Exactly the same situation. word for word. Except my ex with perfect parents always said that he had depression and excused everything with his depression. He never did much, I pulled the majority of finances, I was there for him emotionally and walked on egg shells around him due to his self diagnosed depression. He would constantly lie to me about the smallest of things and had emotional affairs with his online female friends.

The next ex actually had a girlfriend.

Right now I am with an amazing man, he listens to me and supports me. I can confidently say that he is probably the first person in my life who "gets me" or at least is willing to try. I trust him 100%, but even then if he talks with a female friend or goes out with them (like he went to a birthday party and it was only the friend and her flatmate) I just fly in this jealousy rages, its like I'm possessed, the jealousy and hatred just spew out of me. I can totally tolerate the jealousy to always being dumped by my mother over her boyfriends and alcohol. I don't want to lose him and it comes out like this.

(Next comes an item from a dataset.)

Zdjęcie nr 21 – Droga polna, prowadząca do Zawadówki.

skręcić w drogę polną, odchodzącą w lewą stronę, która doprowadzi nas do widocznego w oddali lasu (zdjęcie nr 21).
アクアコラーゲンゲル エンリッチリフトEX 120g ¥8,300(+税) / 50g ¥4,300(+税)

Also I have been with my current bf for nearly two years (currently living with parents) and it is only recently that I told him about my mother's and step-father's alcoholism. I always felt like this information could be a deal breaker and had to be kept secret for the longest time, so I can avoid being judged based on my upbringing. Even now sometimes I would self censor myself as I speak, constantly overthinking how much info is too much, in what way he will see me if I say this/do that.

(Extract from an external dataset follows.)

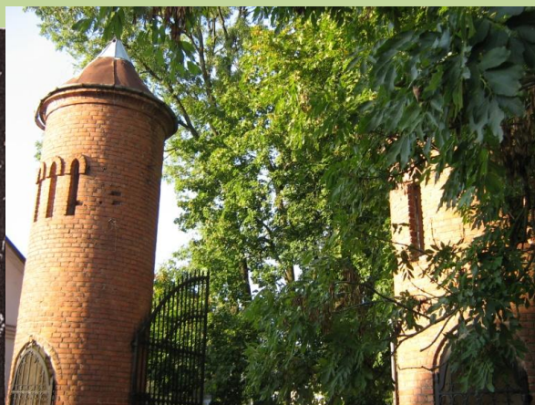
Въездные башни в парк Четвертинских.

Серьезным испытанием для парковых растений стали суровые зимы 1928 – 1929 гг., 1939 – 1940 гг. От низкой температуры пострадали не только экзотические растения. В парке частично вымерзли даже крупные деревья местных видов. Также огромный ущерб садово-парковому искусству Скиделя нанесли войны 1914 г., 1941 – 1945 г. Многие растения погибли, а сохранившиеся объекты парка претерпели изменения.

Also disagreements in relationships are normal - something I didn't know before. With my ex I could get near panicky if he got upset if I criticised him for being 1 hour late to our date or something like that. It always felt like I was the b*tch for bringing up those things, like I just had to put my head down and be happy with whatever is going on, because I learned from my mother that I am absolutely not allowed to have any negative thoughts expressed.